= Kingston Theatre =

Theatre in Kingston, Jamaica

Kingston Theatre, was a theatre in Kingston, Jamaica, between 1775 and 1838. It was a major cultural centre of the island during its duration and had a good reputation also outside of the island, giving Jamaica a name of cultural sophistication, and it remained the main theatre of Jamaica during its history.

== History ==
The professional theatre had been performed in Jamaica for the first time in 1733, but the first permanent theatre company was not installed until the British Theatre Company of John Moody, which came to Kingston in 1746 and given its first permanent theatre building in "New Theatre" or King's Store on Harbour Street seven years later. This company, which was from 1749 managed by David Douglass, united with the Old American Company in 1758 and left for North America, and when it returned to Jamaica in 1774, the old building, having been in disuse for many years, was no longer regarded sufficient.

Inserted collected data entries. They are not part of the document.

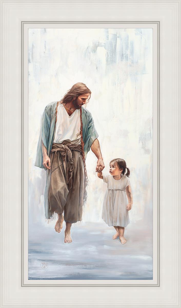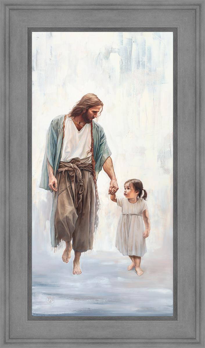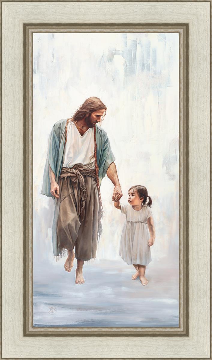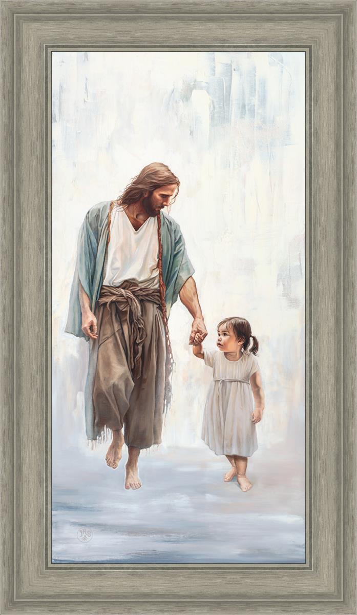 The canvas captures a poignant moment: Jesus, in His resurrected form, tenderly holding hands with the mortal girl. This scene symbolizes the bridge between the celestial and the terrestrial, reminding us that even amidst our earthly existence, Christ is always within reach.
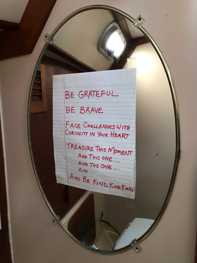Today we find ourselves in the Pungo River watching the tail end of a rainbow alight on our bald eagle neighbor in its snaggy tree. It is coincidentally, Thanksgiving Day, my own favorite holiday. For the food. (Our propane is gone so we will be eating rice today.) For the resilience of this holiday against the ever-expanding consumerist takeover of holidays. (Not counting Black Friday because it comes after.) But mostly I love Thanksgiving for what it it celebrates. Not the part about Europeans coming to conquer and take this land for themselves, for profit, for religious expansionism. I wish that history had gone differently. I can imagine a different present day if those who carved European history into this land had held a different view of themselves and others and the land itself. To love Thanksgiving I accept its disastrous historical beginnings with a heavy heart, and look beyond to the feeling that prompted the first observance. A feeling universal in all creatures in some fashion. Gratitude. An overwhelming feeling of humble appreciation that through hardship and struggle, even at times near unto death, we live …for now …with the eagle in the tree, and our next door neighbors, and best friends and family (be they near or far), and our most beloved of fellow creatures. We can see and listen and be awed by this beautiful world. By rafts of arctic birds resting out the winter on the Chesapeake Bay. By the sight of raindrops pregnant with sunlight falling from the boom. By the sound of loons calling through fog. By the sight of my sleeping bag and pillow fluffed up and laid out with care by Bill on the coldest of nights, and the knowledge that in a little while I will be warm and safe and have some time for blessed rest.
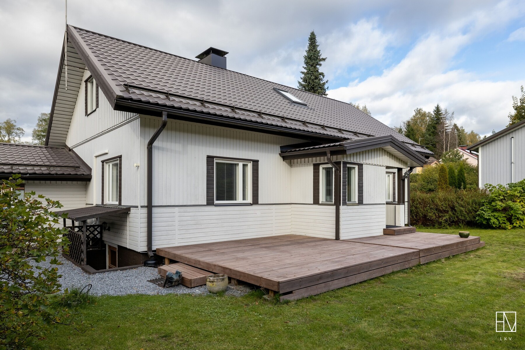 Talo sijaitsee rauhallisella ja viihtyisällä omakotitaloalueella Nokian Koskenmäessä, OMALLA tontilla, jossa on tilaa niin oleskeluun kuin lasten leikkeihin. Pihapiiri on viihtyisä ja vehreä, tarjoten mainiot puitteet perheen arkeen luonnonläheisessä ympäristössä. Pihan kruunaa pihasauna!
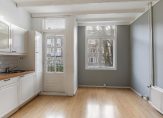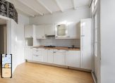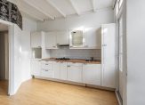 Woonkeuken aan de achterzijde circa 13 m² voorzien van 4 pits gas kookplaat met afzuigschouw, spoelbak, laminaatvloer en toegang tot het zonnige balkon.
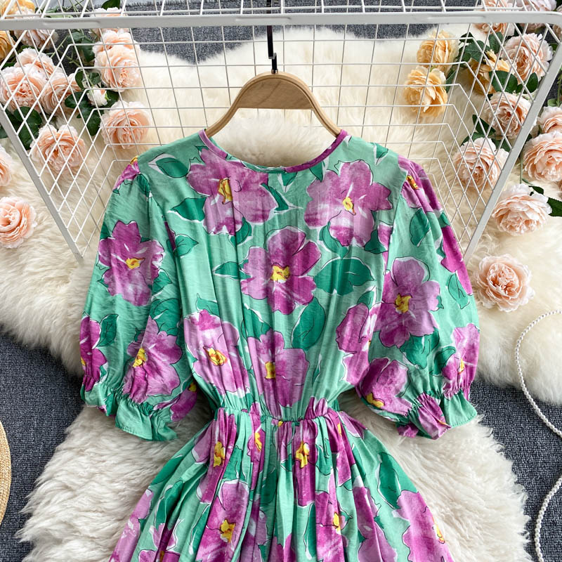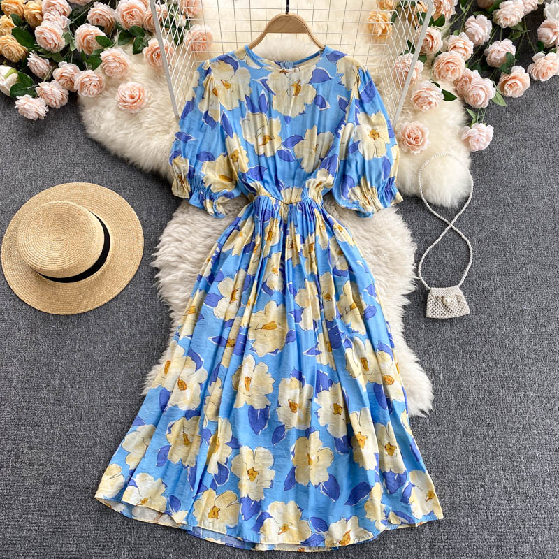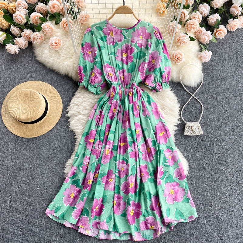 Cheap Dresses, Buy Quality Women’s Clothing Directly from China Suppliers:Women Black/Blue/Green Floral Printed Midi Dress Bohemian Elegant Round Neck Short Puff Sleeve Vacation Beach Vestidos Summer

The Old American Company successfully asked the colonial government for a new theatre building, and the Kingston Theatre was inaugurated in the Parade area in 1775.

Kingston Theatre was reportedly relatively small, but it played an important role as the island's main venue and as a part of the official representational life of the British Governor and the high society life of the Jamaican Planter aristocracy. It enjoyed success during the American Revolutionary War when performances were staged three to four times a week and the boxes of the theatre were leased by the members of the planter elite.

Old American Company left Jamaica for the United States in 1785, and the Kingston Theatre was used for concerts, circus performances, amateur theatre and other activities for the next years. In 1790–1803, it was managed by private owners. The building was expanded in 1814, and reportedly had 700 seats in 1821.

Kingston Theatre again operated as a theatre in 1812–1822, during which it enjoyed a period of great popularity. It became somewhat notorious for the frequent fights which occurred, some of them due to racial tension. The theatre operated again in 1827–29, and was employed for a number of different entertainments. In 1838, the building was deemed to be too decrepit and marked for demolition, but was destroyed by fire. It was succeeded by the Theatre Royal, Kingston, which was opened in 1840 and was destroyed in the 1907 Kingston earthquake.

== The Ward Theatre ==
In 1912 Charles James Ward built a new theatre on the site, presenting it to the "Mayor and Council of the City of Kingston" (later Kingston and St. Andrew Corporation), who named it the Ward Theatre in his honour.

The Ward Theatre hosted the weightlifting events at the 1966 British Empire and Commonwealth Games.

It was closed in 1982 for structural repairs, then in 1986 adopted by the Ward Theatre Foundation to operate and maintain, under a 25-year lease agreement.